> WHAT TO DO
In the records below, repeat word for word only the lines starting at the one that contains "노란 화살표 기준으로, 캔들상" and ending at the one that contains "此外,寬大的中庭和中央廣場成", pictures excluded.

> LISTED ENTRIES
.....

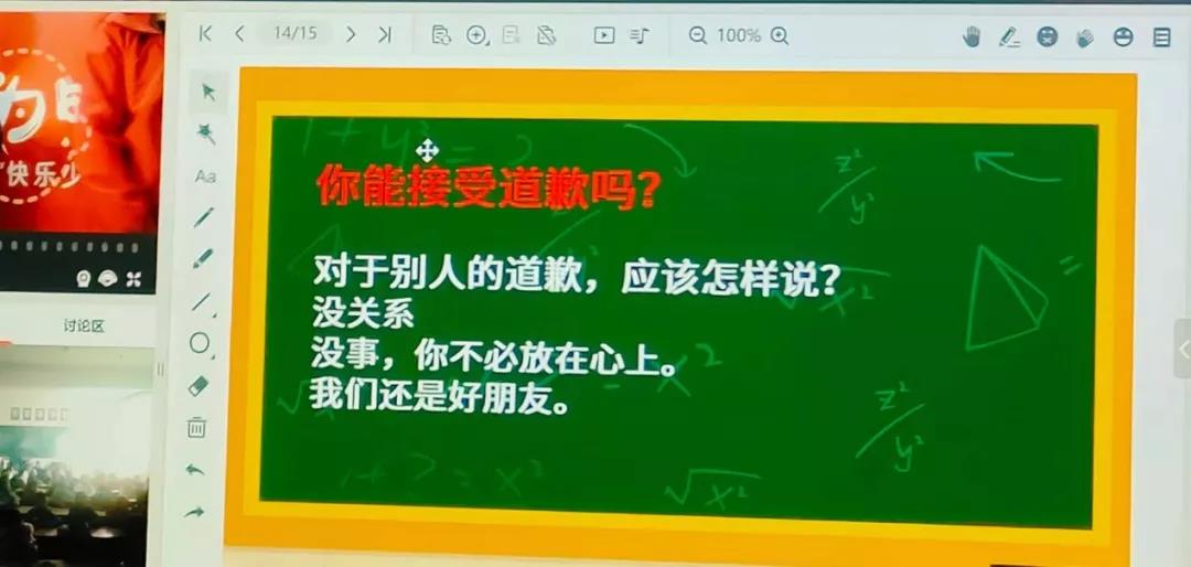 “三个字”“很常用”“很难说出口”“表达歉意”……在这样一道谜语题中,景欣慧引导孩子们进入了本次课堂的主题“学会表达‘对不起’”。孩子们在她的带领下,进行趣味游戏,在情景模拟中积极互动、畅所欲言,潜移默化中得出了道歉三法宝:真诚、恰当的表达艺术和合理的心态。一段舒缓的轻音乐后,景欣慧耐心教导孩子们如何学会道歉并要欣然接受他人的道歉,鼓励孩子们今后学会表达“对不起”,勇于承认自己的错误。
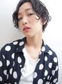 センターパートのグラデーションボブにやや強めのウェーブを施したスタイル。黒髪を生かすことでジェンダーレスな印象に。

.....

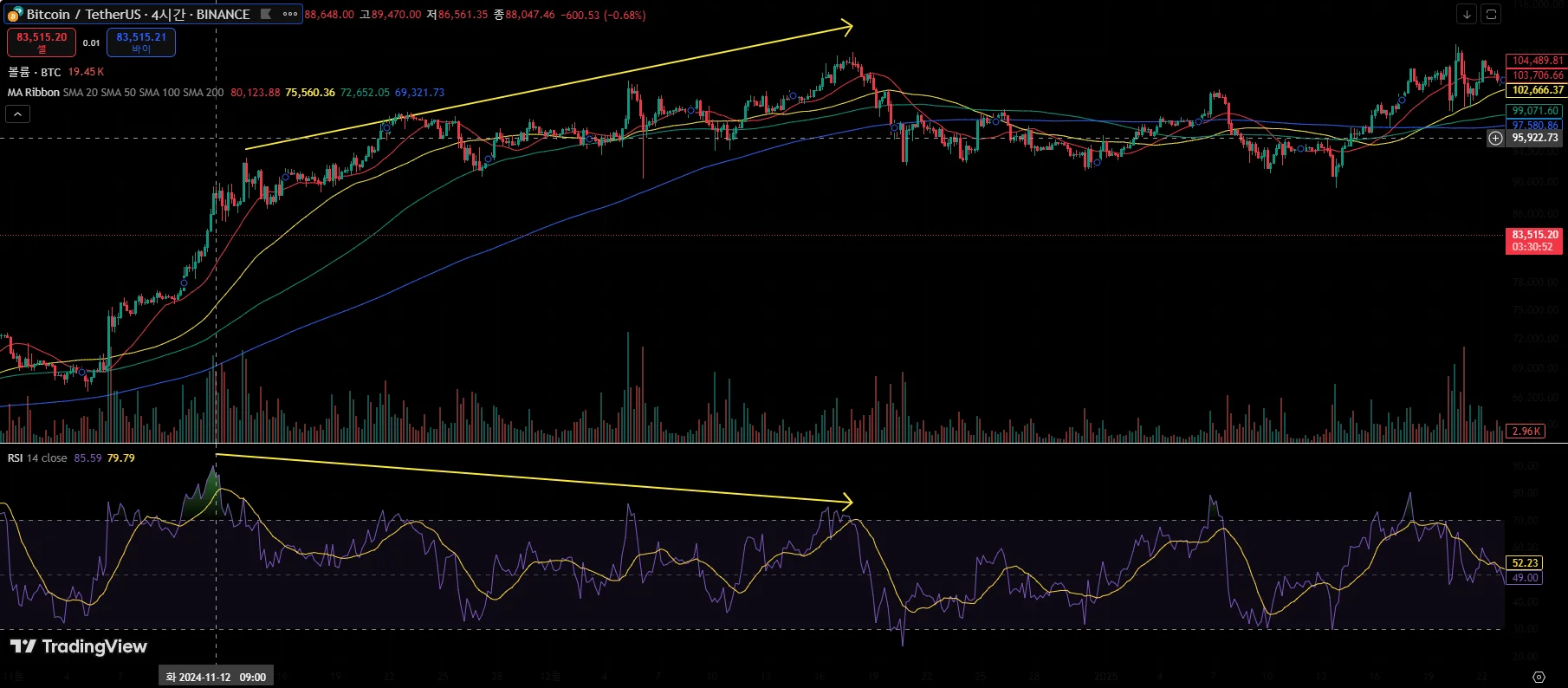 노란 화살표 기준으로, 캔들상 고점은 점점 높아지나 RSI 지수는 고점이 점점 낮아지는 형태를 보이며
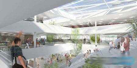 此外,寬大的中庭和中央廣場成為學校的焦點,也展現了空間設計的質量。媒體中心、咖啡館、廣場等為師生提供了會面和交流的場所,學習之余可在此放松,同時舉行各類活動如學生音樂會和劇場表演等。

.....

> ANSWER FOR THIS EXERCISE
 노란 화살표 기준으로, 캔들상 고점은 점점 높아지나 RSI 지수는 고점이 점점 낮아지는 형태를 보이며
 此外,寬大的中庭和中央廣場成為學校的焦點,也展現了空間設計的質量。媒體中心、咖啡館、廣場等為師生提供了會面和交流的場所,學習之余可在此放松,同時舉行各類活動如學生音樂會和劇場表演等。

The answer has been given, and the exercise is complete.